WHAT YOU SHOULD DO: Could the listing be repeated exactly, with every picture dropped?

GIVEN DATA:
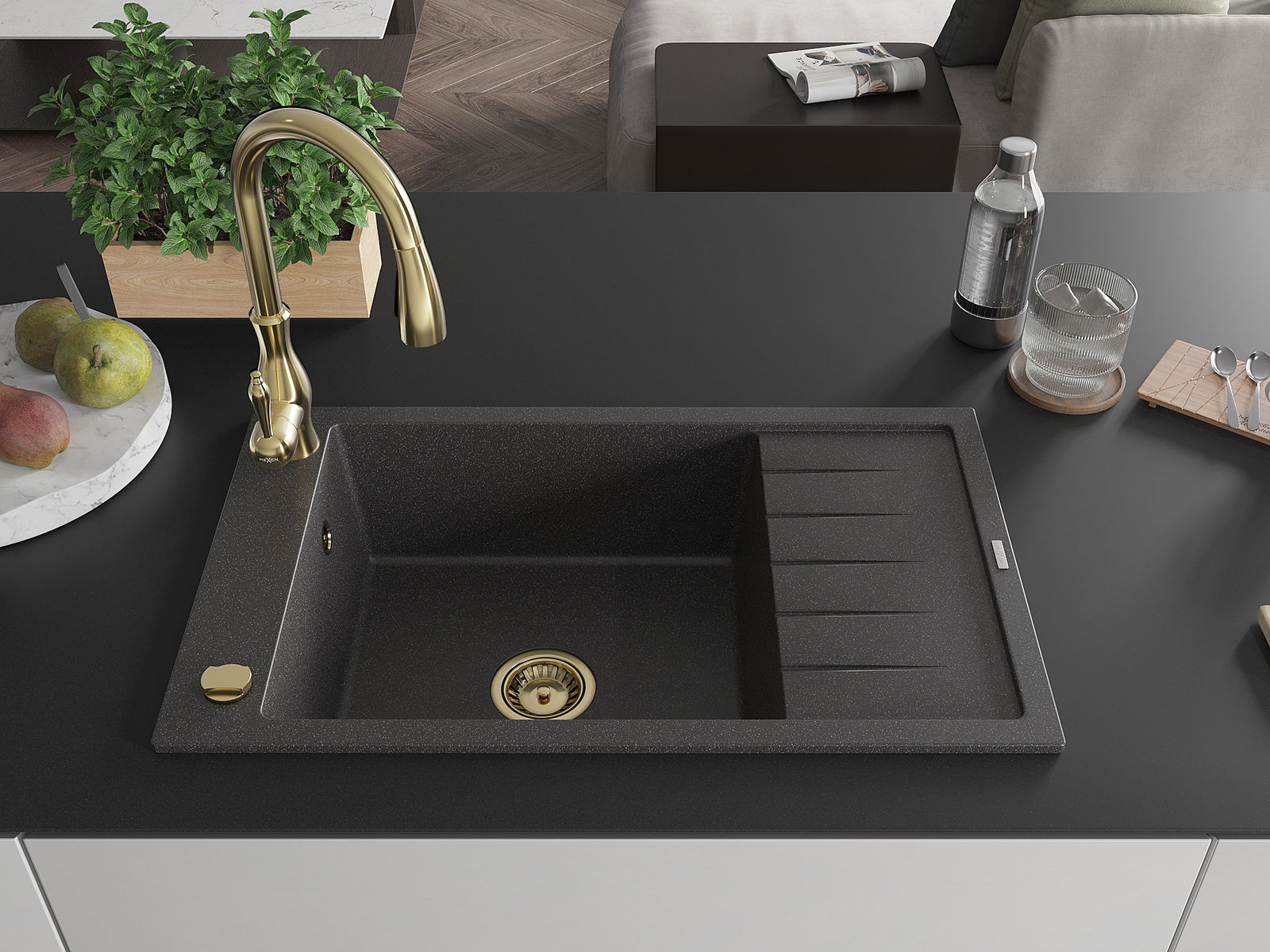 The sink is made of high quality granite. It is an elegant and, above all, practical complement to every kitchen, regardless of its style. High quality and granite durability ensure many years of use.
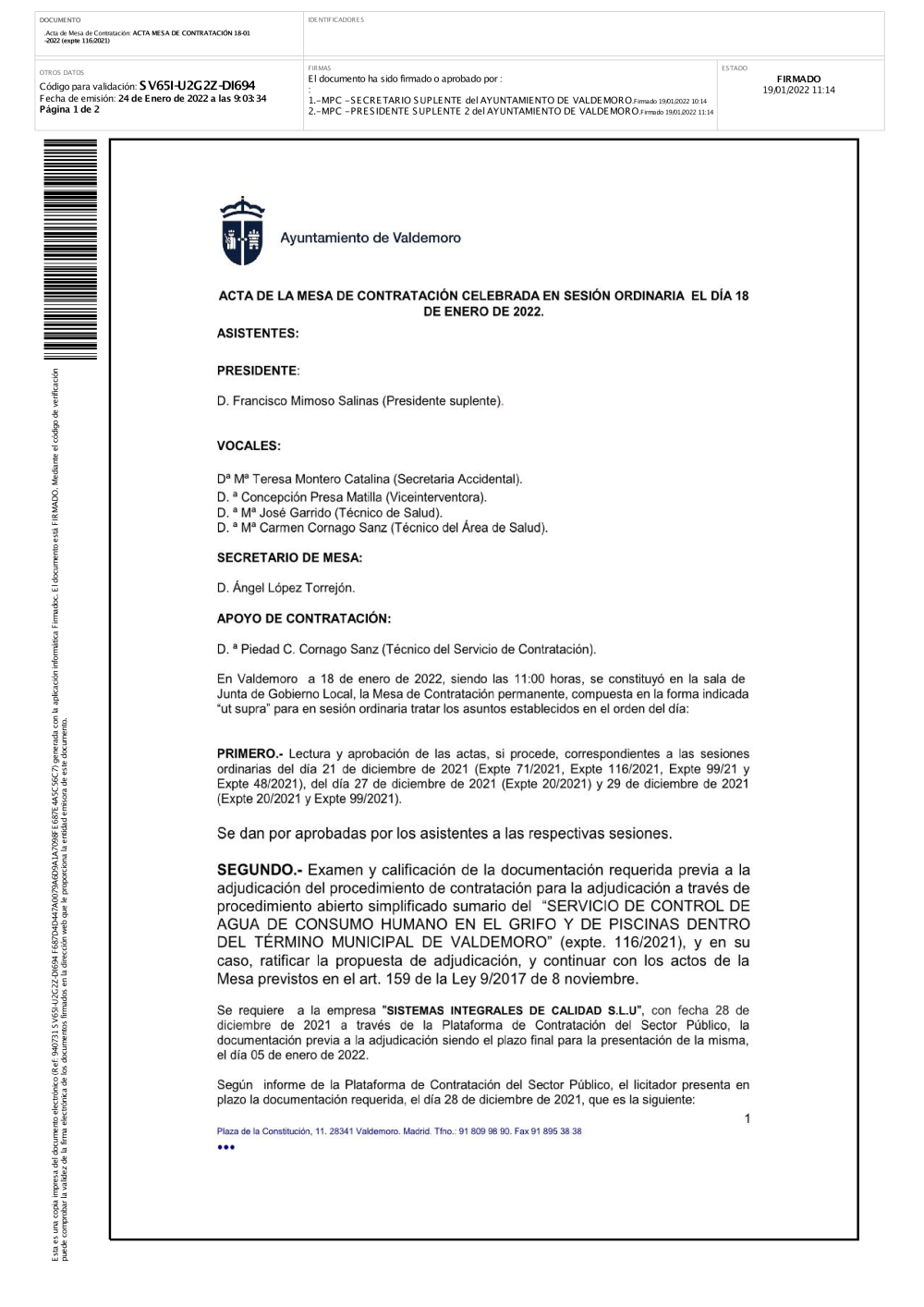 En esta sección puede acceder a los ficheros correspondientes a las actas firmadas de de mesas de contratación del Ayuntamiento de Valdemoro.
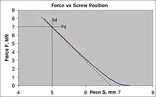 The exact equation used to calculate the required screw-down setting for a required force is:[5]

RESPONSE BELOW:
 The sink is made of high quality granite. It is an elegant and, above all, practical complement to every kitchen, regardless of its style. High quality and granite durability ensure many years of use.
 En esta sección puede acceder a los ficheros correspondientes a las actas firmadas de de mesas de contratación del Ayuntamiento de Valdemoro.
 The exact equation used to calculate the required screw-down setting for a required force is:[5]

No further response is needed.